Creative Artists Agency

Ovitz founded Creative Artists Agency in 1975 along with fellow William Morris Agents Ron Meyer, Bill Haber, Rowland Perkins, and Mike Rosenfeld. Borrowing only $21,000 from a bank, the agents rented a small office, conducting business on card tables and rented chairs, their wives taking turns as agency receptionist.

Under Ovitz's direction, CAA quickly grew from a start-up organization to the world’s leading talent agency, expanding from television into film, investment banking, and advertising. Ovitz was known for assembling “package deals”, wherein CAA would utilize its talent base to provide directors, actors and screenwriters to a studio, thus shifting the negotiating leverage from the studios to the talent. As CAA rose in stature Ovitz became one of the most powerful men in Hollywood. Promoted to President, then later to Chairman of the Board, his roles at CAA were numerous.

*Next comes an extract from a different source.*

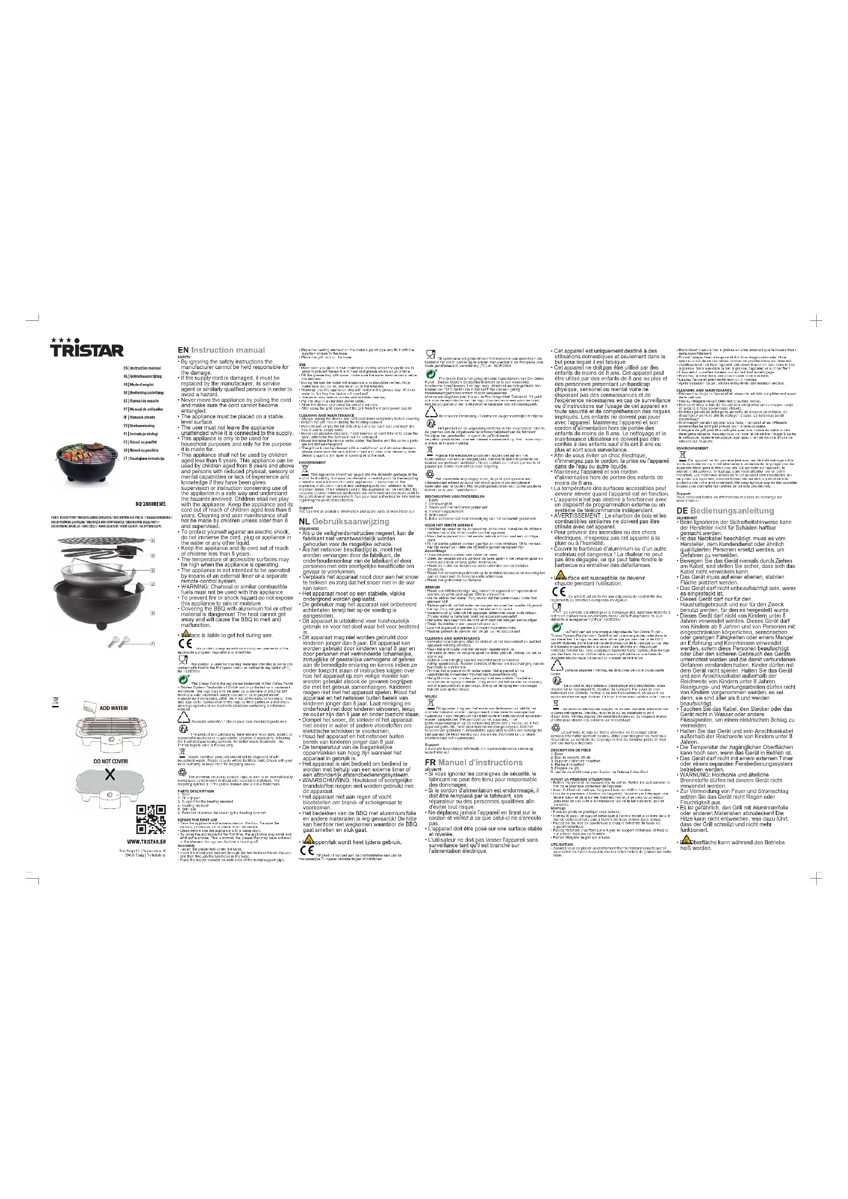 - La surface est susceptible de devenir chaude pendant l'utilisation. Ce produit est conforme aux exigences de conformité desrèglements ou directives européens en vigueur. Ce symbole est utilisé pour le marquage des matériaux destinés àentrer en contact avec les aliments dans l'Union Européenne, tel quedéfini dans le règlement (CE) n° 1935/2004. Le Point vert est une marque déposée de Der Grüne Punkt -Duales System Deutschland GmbH et est une marque déposée dans lemonde entier. Le logo ne peut être utilisé que par des clients de DSDGmbH titulaires d'une licence valide d'utilisation de la marque ou par desentreprises engagées dans la gestion des déchets en RépubliqueFédérale Allemande. Cela s'applique également à la reproduction du logopar des tiers dans un dictionnaire, une encyclopédie ou une base dedonnées électronique contenant un manuel de référence. Collecte séparée / Vérifiez les directives de votre municipalitélocale. Le produit et les matériaux d'emballage sont recyclables, sousréserve de la responsabilité étendue du fabricant. Par souci de bontraitement des déchets, mettez-le au rebut séparément, en suivant lessymboles d'emballage illustrés. Le logo Triman n'est valable qu'en France. Les produits électriques usagés ne doivent pas être jetés avec lesordures ménagères. Veuillez recycler là où les installations sontdisponibles. Vérifiez auprès des autorités locales ou du magasin le plusproche pour obtenir des conseils sur le recyclage. Le symbole, le logo ou l'icône universel de recyclage est unsymbole internationalement reconnu utilisé pour désigner les matériauxrecyclables. Le symbole du recyclage relève du domaine public et n'estpas une marque déposée.DESCRIPTION DE PIÈCE1. Base2. Bac de collecte d'huile3. Support d'élément chauffant4. Élément chauffant5. Étagère de grill6. Jeu de vis additionnel pour fixation de l'élément chauffantAVANT LA PREMIÈRE UTILISATION• Retirer l’appareil et les accessoires du carton. Retirer les autocollants, lefilm ou le plastique protecteur de l’appareil.• Avant l’utilisation, nettoyez l’appareil avec un chiffon humide.• Lors de la première utilisation de l’appareil, l’appareil peut dégager unelégère odeur et de la fumée. Ceci est normal, il se peut qu’un enduitgraisseux se soit collé à la résistance lors de la fabrication et qu’il seconsume.Montage• Fixez les pieds en plastique sous la base.• Insérez le tuyau de support métallique à travers les deux orifices dans lebac de collecte d'huile puis à travers les deux orifices dans la base.• Placez les douilles en caoutchouc à chaque extrémité du tuyau desupport métallique.• Placez l'élément chauffant sur le tuyau de support métallique et fixez-lesur la base avec les vis fournies.• Placez l'étagère de grill sur la base.UTILISATION• Assurez-vous de placer un revêtement thermorésistant sous l'appareilpour éviter les traces dues à la chaleur et les taches de graisse sur votretable.• Remplissez d'eau le bac à graisse en vous assurant que le niveau d'eaureste sous l'élément.• Durant l'usage, l'eau s'évapore et doit être réapprovisionnée. Note :assurez-vous de ne pas laisser tomber de gouttes d'eau sur l'élément.• Avertissement ! Utilisez l'appareil uniquement avec de l'eau dans le bacà graisse. Sans eau dans le bac à graisse, l'appareil va surchauffer !• L'eau réduit aussi les fumées tout en facilitant le nettoyage.• Branchez la fiche dans une prise murale mise à la terre.• Laissez l'appareil préchauffer environ 5 minutes.• Après utilisation du grill, déconnectez-le de l'alimentation secteur.CLEANING AND MAINTENANCE• Débranchez toujours l’appareil et laissez-le refroidir complètement avantde le nettoyer.• Retirez l'étagère de grill (élément chauffant inclus).• Retirez et videz le bac de récupération de graisse après chaque usageet lavez-le à l'eau savonneuse chaude.• N'utilisez jamais de détergents abrasifs, de brosses en métal ou dediluant pour peinture afin de nettoyer la base. Le barbecue seraitendommagé.• N’immergez jamais l’appareil sous l’eau. L’appareil et les différentsaccessoires ne sont pas prévus pour le lave-vaisselle.• L'étagère de grill peut être nettoyée avec une brosse en métal et desdétergents abrasifs. Assurez-vous de rincer et de sécher l'étagère aprèsle nettoyage. Après le nettoyage, appliquez une fine couche d'huile decuisson sur l'étagère.ENVIRONNEMENTCet appareil ne doit pas être jeté avec les déchets ménagers à lafin de sa durée de vie, il doit être remis à un centre de recyclage pour lesappareils électriques et électroniques. Ce symbole sur l'appareil, lemanuel d'utilisation et l'emballage attire votre attention sur un pointimportant. Les matériaux utilisés dans cet appareil sont recyclables. Enrecyclant vos appareils, vous contribuez de manière significative à laprotection de notre environnement. Renseignez-vous auprès des autoritéslocales pour connaître les centres de collecte des déchets.SupportVous retrouvez toutes les informations et pièces de rechange surwww.tristar.eu! DEBedienungsanleitung SICHERHEIT

He served as talent agent to Hollywood actors such as Tom Cruise, Dustin Hoffman, Kevin Costner, Michael Douglas, Sylvester Stallone, and Barbra Streisand, as well as directors such as Steven Spielberg, Barry Levinson, and Sydney Pollack. Ovitz also provided corporate consulting services, helping negotiate several major international business mergers and deals including Matsushita’s acquisition of MCA/Universal, the financial rescue of MGM/United Artists, and Sony’s acquisition of Columbia Pictures. His signing of Coca-Cola as a CAA client from agency McCann-Erickson had a significant impact on the advertising industry. He is also well known for negotiating David Letterman's move from NBC to CBS, chronicled in the book The Late Shift: Letterman, Leno, and the Network Battle for the Night by Bill Carter.